The most telling piece of evidence comes when Teddy dreams of "Andrew Laeddis," the firebug supposedly responsible for burning down his apartment complex. They become separated, and Teddy later sees what he believes to be Chuck's body on the rocks below. Shutter Island is a 2010 American neo-noir psychological thriller film directed by Martin Scorsese and written by Laeta Kalogridis, based on Dennis Lehane's 2003 novel of the same name.  Filming ended on July 2, 2008.. Because if he shows any sort of self-awareness, then it's over, they wouldn't want to lobotomize him. Before being led away, Andrew asks Sheehan if it would be better "to live as a monster, or to die as a good man?"
Marshal. In Teddy's hallucinations, Dolores delivers this line, as does Dr. Cawley when confronting Teddy with "the truth." Cutting allows the director to create a quick “flash” to an object like " Dennis Lehane, however, said, "Personally, I think he has a momentary flash.… It's just one moment of sanity mixed in the midst of all the other delusions. On our soil?". Still, he ain't no "Andrew Laeddis," and the pair of doctors aren't actually "treating" him. Rather, what we see play out throughout the film is indeed an elaborate role-play in which the doctors at Shutter Island aggressively attempt to implant a specific memory into Teddy's mind—namely, that he is actually a man by the name of Andrew Laeddis who compassionately murdered his psychotic wife after she drowned their three children. Add in the fact that Teddy is adept at creating quick, on-the-fly car bombs, and you've got more than enough reason to suspect that Teddy is actually the pyromaniac responsible for burning down his apartment complex. For Christ's sake, we fought a goddamn war to stop them and now I found out it may be happening here?
lighthouse in the rough water; the jagged cliffs; the scary inmates.

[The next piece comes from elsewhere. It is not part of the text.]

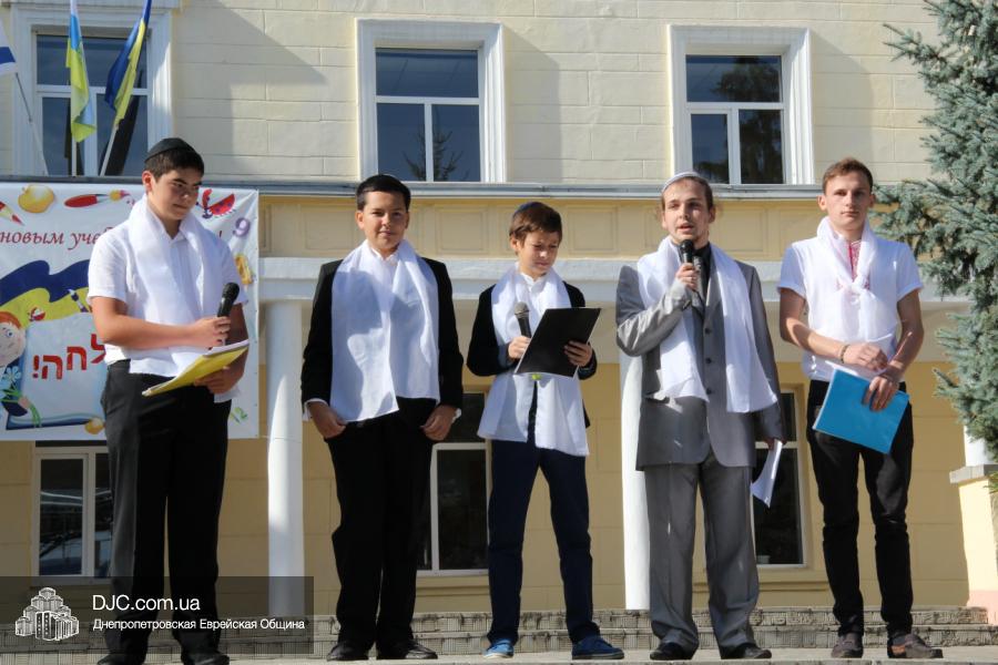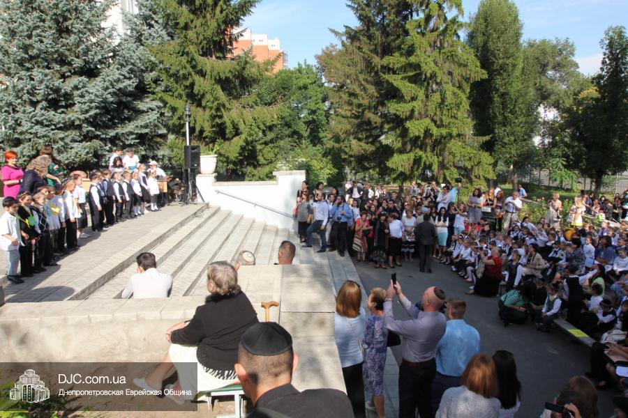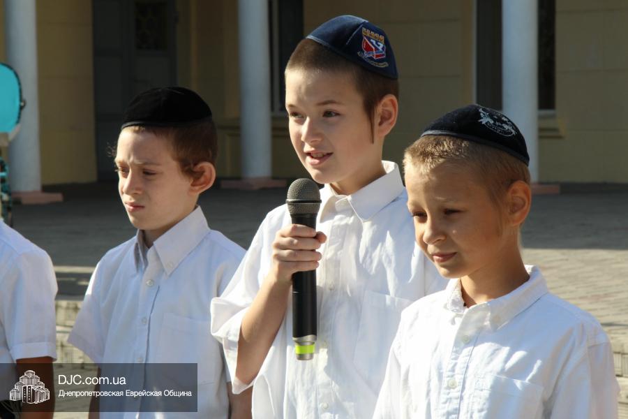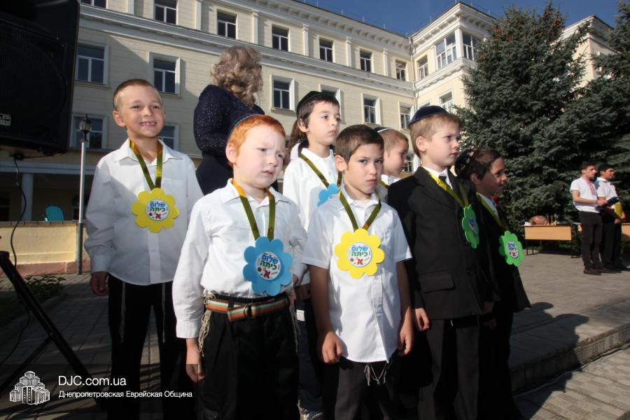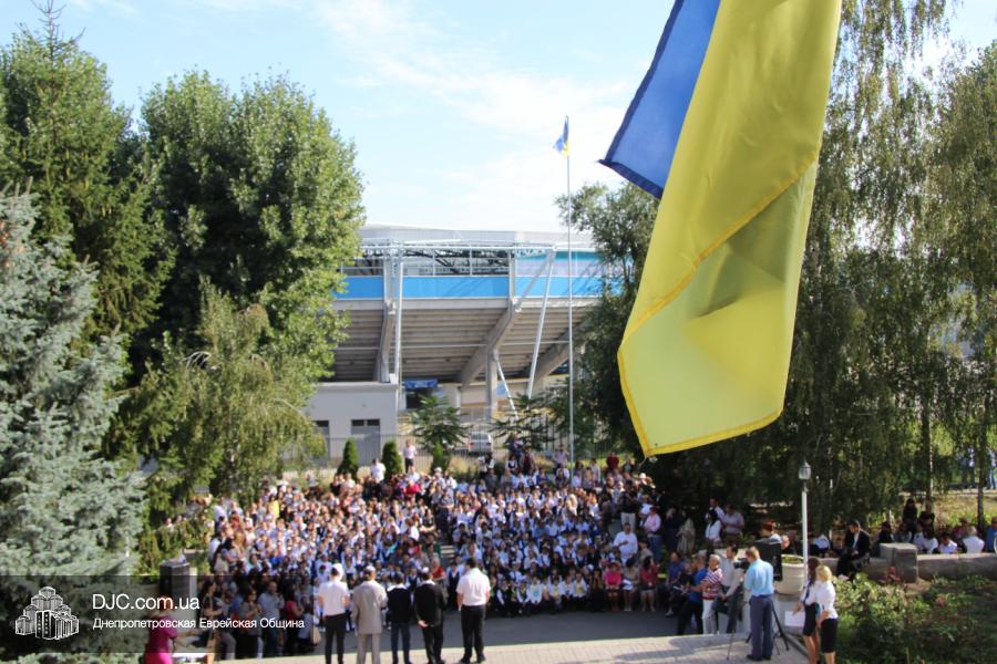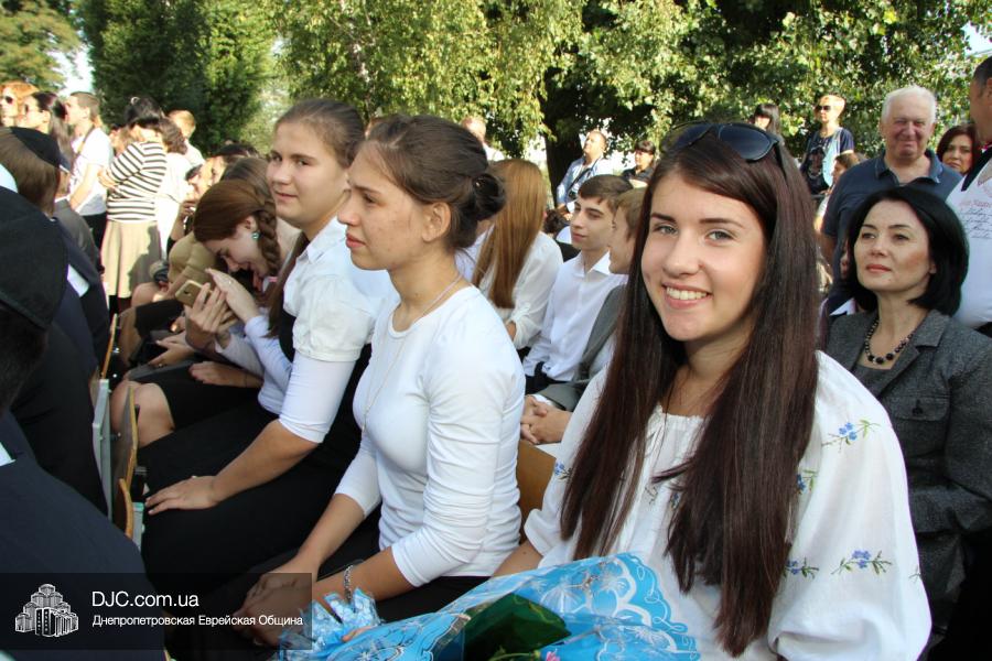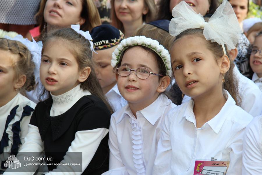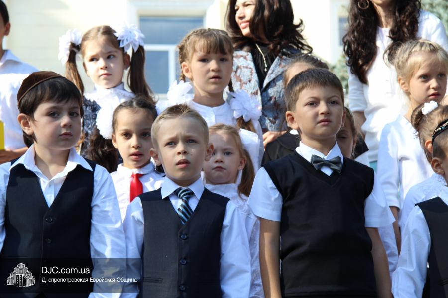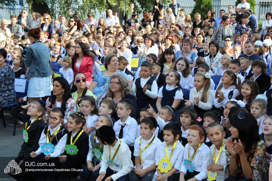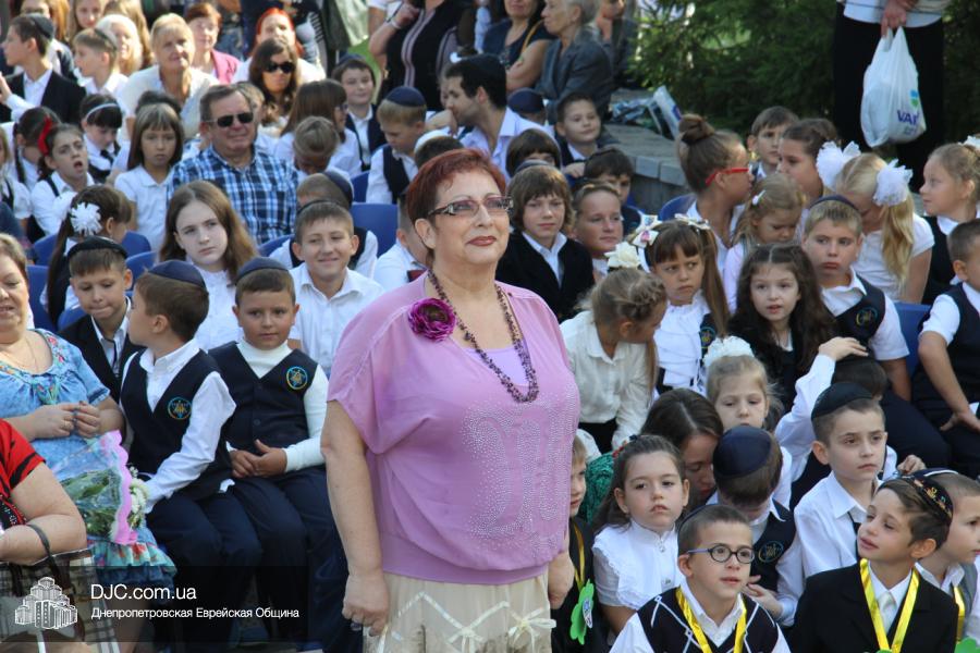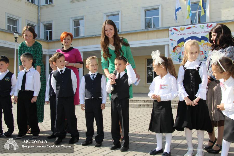 Как всегда, торжественная линейка в честь Дня Знаний прошла на ступенях перед главным корпусом школы. На ней собрались отдохнувшие за лето школьники, их родители, педагоги, администрация школы и руководство еврейской общины нашего города и еврейских структур. Вместе с ними в линейке приняли участие и школьники из восточных областей Украины, которые вместе со своими семьями вынуждены были бежать в Днепропетровск и сейчас приступают к обучению в днепропетровской еврейской школе.

But no matter how hard they try, they still fail. In one instance, she tells Teddy that Solando is still on the island—as is Laeddis, who everyone claims was never there. The most dangerous "patients" are housed in an old Civil War fort. when Teddy Daniels is reading Rachel Solando’s journal and the word “RUN” is In fact, he never mentions his children at all, even when recalling the fact that his wife died in a fire that killed four people. "When he asks the question, he does it in such a way that, if he were to say it as a statement... then there's no solution here but to stop the lobotomy. We're here to correctly diagnose what's wrong amidst all of the insanity, and we've got plenty of evidence to back it all. "I think that in one moment, for a half a second sitting there in that island he remembered who he was and then he asks that question and he quickly sort of lets it go. In the film's much-debated final scene, the elaborate brainwashing project appears to have failed, with Teddy outwardly assuming the role of U.S.